How does it work with BunkSpeed Shot? Shot is the replacement software for HyperShot from BunkSpeed. Shot is built around the iray rendering engine from Mental Images which is a division of NVIDIA. Being a HyperShot owner I received a copy of Shot when it was released a couple of months ago. Shot is designed to process renderings with either the CPU, the GPU or in a hybrid mode which uses both CPU and GPU together. In order to use the GPU and hybrid rendering features in Shot you need to have an NVIDIA graphics card which supports CUDA. BunkSpeed claims at their website that using a CUDA enabled graphics card can significantly accelerate performance. This is something I wanted to try and the Quadro 5000 with it 352 CUDA cores was going to allow me to do this. I wanted to know what “significantly accelerate performance” meant in the real world.
I opened as SolidWorks file of a toy lego car from 3D Content Central in Shot. It was a small file that consists of about 8 unique parts. I added materials, set an environment, set up a camera view and then it was time to render. In the render dialog box Shot gives you the option to choose which method (CPU, GPU, Hybrid) you’d like to use to process your render. I saved three separate renderings of the car using a different method for each one. The results were pretty amazing.

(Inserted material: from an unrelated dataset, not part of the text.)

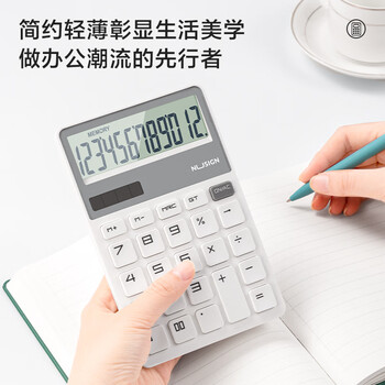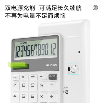 得力时尚办公计算器 德国创意设计 大按键双电源设计 高颜值学生四年级计算器 白色NS042
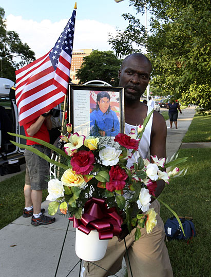 圖:美國歌迷手捧杰克遜的遺像

CPU only rendering returned a time of 17:58.
GPU only rendering returned a time of 6:23
Hybrid rendering also returned a time of 6:23.
The GPU rendering method completed the image in about 1/3 the time of CPU rendering alone. That is a significant gain in speed! I’d like to point out that time was based on the Quadro 5000’s 352 CUDA cores. Less CUDA cores would return a slower rendering time and more CUDA cores would return a faster rendering time. The Quadro 5000 really showed it’s abilities with this small test in Shot.
Conclusion: The Quadro 5000 performed well for me in my 30 days of testing with SolidWorks and my short test with Shot. It’s certainly a very capable performance minded card. With a retail price of approximately $2250 it’s probably more than I would spend (or want to spend) on a graphics card. That said, if you’re a person who works on large assemblies in SolidWorks or creates images in GPU rendering software such as Shot then the Quadro 5000 would be a good investment. Yes, it carries an upper level price but the performance payback for the demanding user should be relatively short. If you’re thinking you’d like a new NVIDIA Quadro card at a lower price point you should have a look at Anna’s SolidMuse. Anna will be reviewing a couple of the lower level Quadro cards as well as the Quadro 6000.